- Official DVD cover
- Directed by: Pierre David
- Screenplay by: George Saunders John Bryan
- Story by: Pierre David
- Based on: Characters by David Cronenberg
- Produced by: Pierre David
- Starring: Daniel Quinn; Darlanne Fluegel; Richard Lynch; Richard Grove; Mark Rolston;
- Cinematography: Jacques Haitkin
- Edited by: Julian Semilian
- Music by: Louis Febre
- Production company: Image Organization; Malofilm; Republic Pictures; Starlight Film; ;
- Distributed by: Malofilm (Canada); Cine Plus (Germany); Republic Pictures (US); ;
- Release date: July 27, 1994;
- Running time: 95 minutes
- Country: Canada; Germany; United States; ;
- Language: English

= Scanner Cop =

1994 film by Pierre David

Scanner Cop is a 1994 science fiction action horror film. It is the fourth film in the Scanners series and the first of two films in the Scanner Cop sub-series. It is written, produced, and directed by longtime series producer Pierre David, and stars Daniel Quinn, Darlanne Fluegel, Mark Rolston and Richard Lynch. It was released direct-to-video in March 1994.

==Plot==
A Scanner (a person with special telepathic and telekinetic abilities) goes crazy and is shot by officer Pete Harrigan (Richard Grove). Harrigan discovers the Scanner had a child and adopts him. 15 years later, Harrigan leads the Los Angeles Police Department. His adopted son, Sam Staziak (Daniel Quinn), is a rookie in the department. Staziak is also a Scanner, although he keeps the powers hidden.

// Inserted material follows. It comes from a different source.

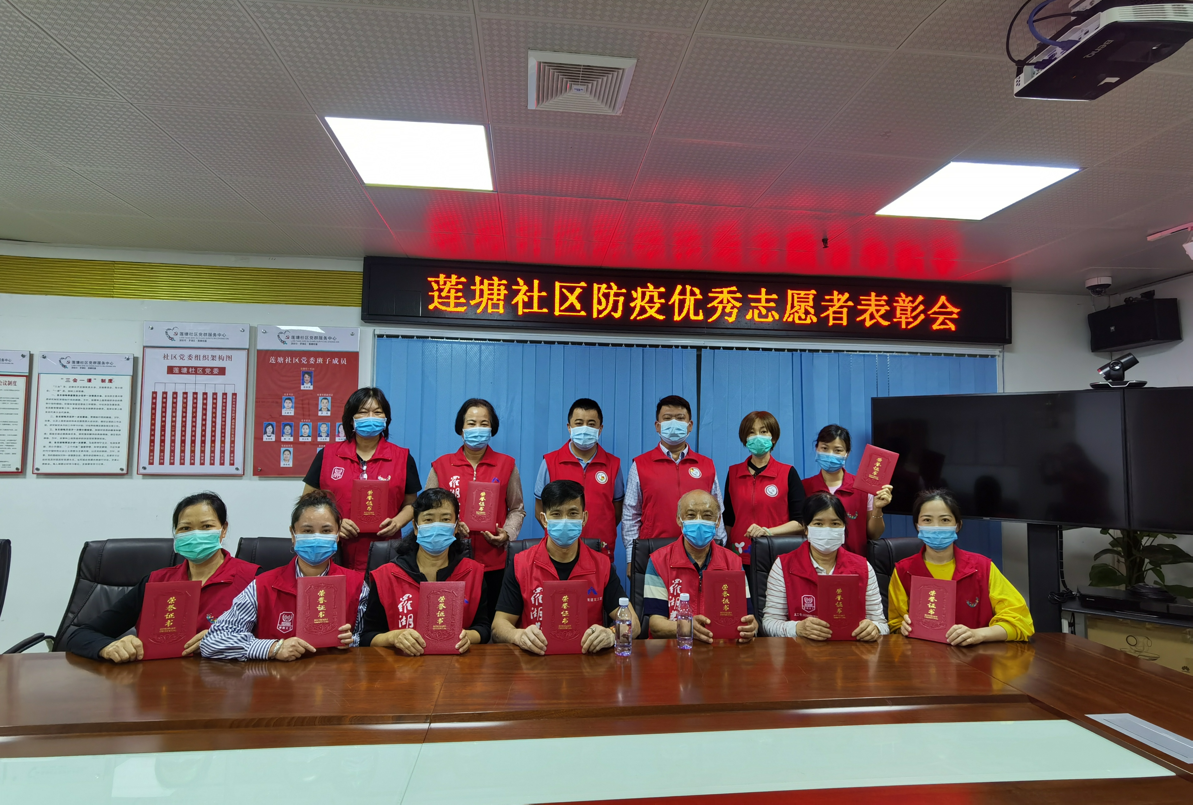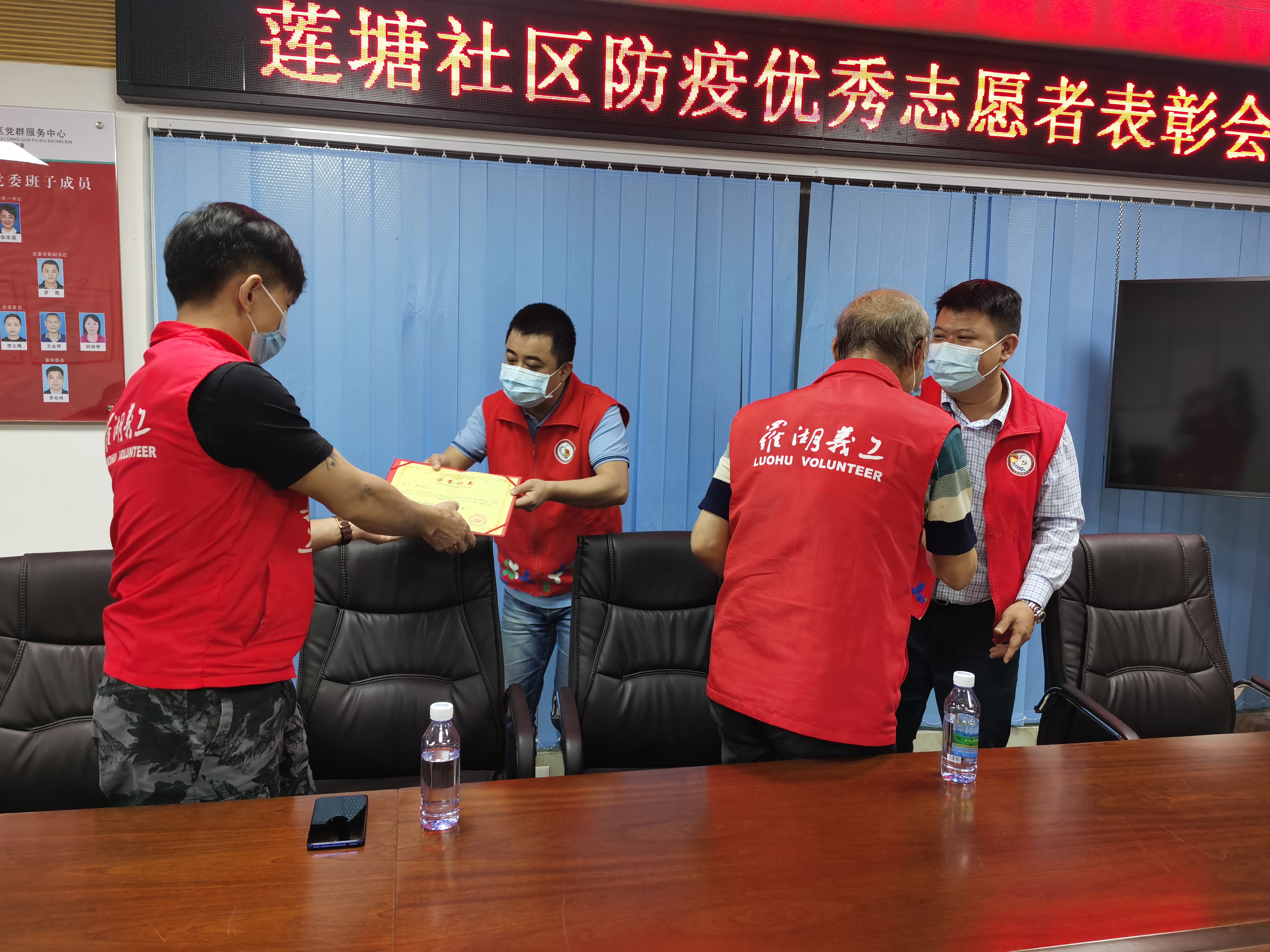 表彰会上,莲塘社区党委书记王建平、副书记罗奇为第一批优秀志愿者颁发了荣誉证书,王书记说:“感谢各位志愿者在疫情期间对我们工作的大力支持,挺身而出逆行在抗疫第一线,服务广大社区民众。”志愿者们说,在困难时期我们每个人付出一点,大家理解支持一点,共同面对特殊时期,是我们每一个居民都应该做的。
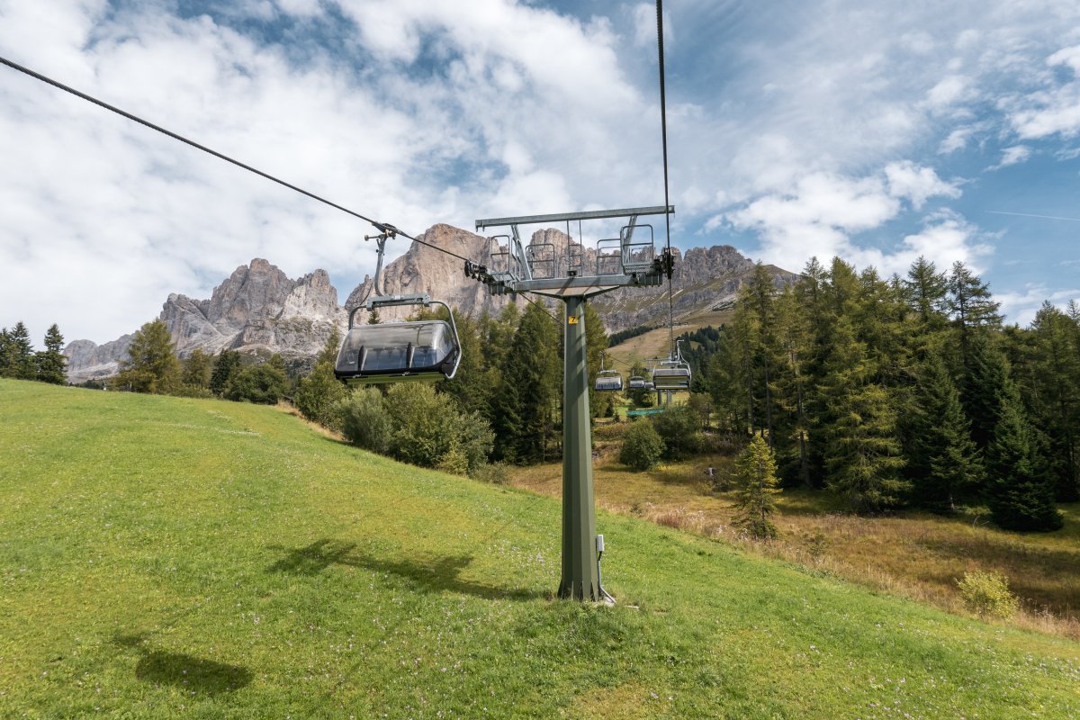Die Sesselbahn Paolina am Karersee ist auf den ersten Blick eine typische Anlage aus dem Hause Agamatic, kann aber mit einer technisch äusserst interessanten einseitigen Zwischenstation begeistern.

Dr. Karl Glock (Richard Lynch) is a psychiatrist. He is also a cult leader, and he brainwashes individuals to kill police. As the string of murders begins to decimate the police department, Sam faces sensory overload and possible insanity as he reluctantly uses his powers to hunt the man responsible for the killings.

Sam scans the memories of a coroner (Gary Hudson) who committed suicide. This provides clues to find Glock. Police psychiatrist Dr. Arden discovers puncture marks, indicating those who have been killing officers were drugged. A scan by Sam of a wife who killed her police officer husband shows the drug makes the victim see a giant version of whatever phobia they have.

Glock traps Sam, but Sam escapes. Sam attempts to scan Glock, but he is blocked by a metal plate in Glock's head. Glock attempts to pose as Harrigan's surgeon, but Sam telekinetically removes the plate from Glock's head, killing him.

== Cast ==

- Daniel Quinn as Samuel Staziak
- Richard Grove as Commander Peter Harrigan
- Darlanne Fluegel as Dr. Joan Alden
- Mark Rolston as Lieutenant Harry Brown
- Richard Lynch as Karl Glock
- Hilary Shepard as Zena
- Luca Bercovici as Dr. Krench
- Gary Hudson as Damon Pratt
- Savannah Smith Boucher as Margaret Harrigan
- Cyndi Pass as Sarah Kopek
- Ben Reed as Rick Kopek
- Billy Williams as Eightball
- Wayne Grace as Officer Dooley
- Darren Dalton as Officer Longo

==Production==
The film was the directorial debut of Pierre David, who had produced the first three Scanners films as well as David Cronenberg's Videodrome.

Unlike the previous films, which were all shot in Canada, Scanner Cop was shot in the United States with an American cast. Filming occurred in Los Angeles.

==Release==
The film was released on VHS and LaserDisc by Republic Pictures. A DVD has been released in Canada, along with the sequel Scanners: The Showdown (also known as Scanner Cop 2).

The film along with Scanners: The Showdown was released on 4K Ultra HD and Blu-ray from Vinegar Syndrome in a double feature set on May 28, 2021.

== Reception ==
Empire rated it 2/5 stars and described it as a "moderately enjoyable horror movie, that suffers for its cast and script". TV Guide rated it 2/4 stars and wrote that the film "works as a solid exploitation item", though it criticized the police procedural aspects. It noted that Glock should have been given more screen time. Glenn Kenny of Entertainment Weekly, in an article critiquing recent direct-to-video releases, rated it D+ and called the plot an excuse for "gruesome special effects".

Writing for Bloody Disgusting, Daniel Baldwin praised the film for taking the Scanners series in a new direction, describing it as "a tightly-written and paced cop thriller". Moria gave the film two stars, found it not a dire as the other films in the franchise, and it was competently made but otherwise found it pedestrian.

==Sequel==

Scanner Cop II: Volkin's Revenge, also known as Scanners: The Showdown, was released in 1995.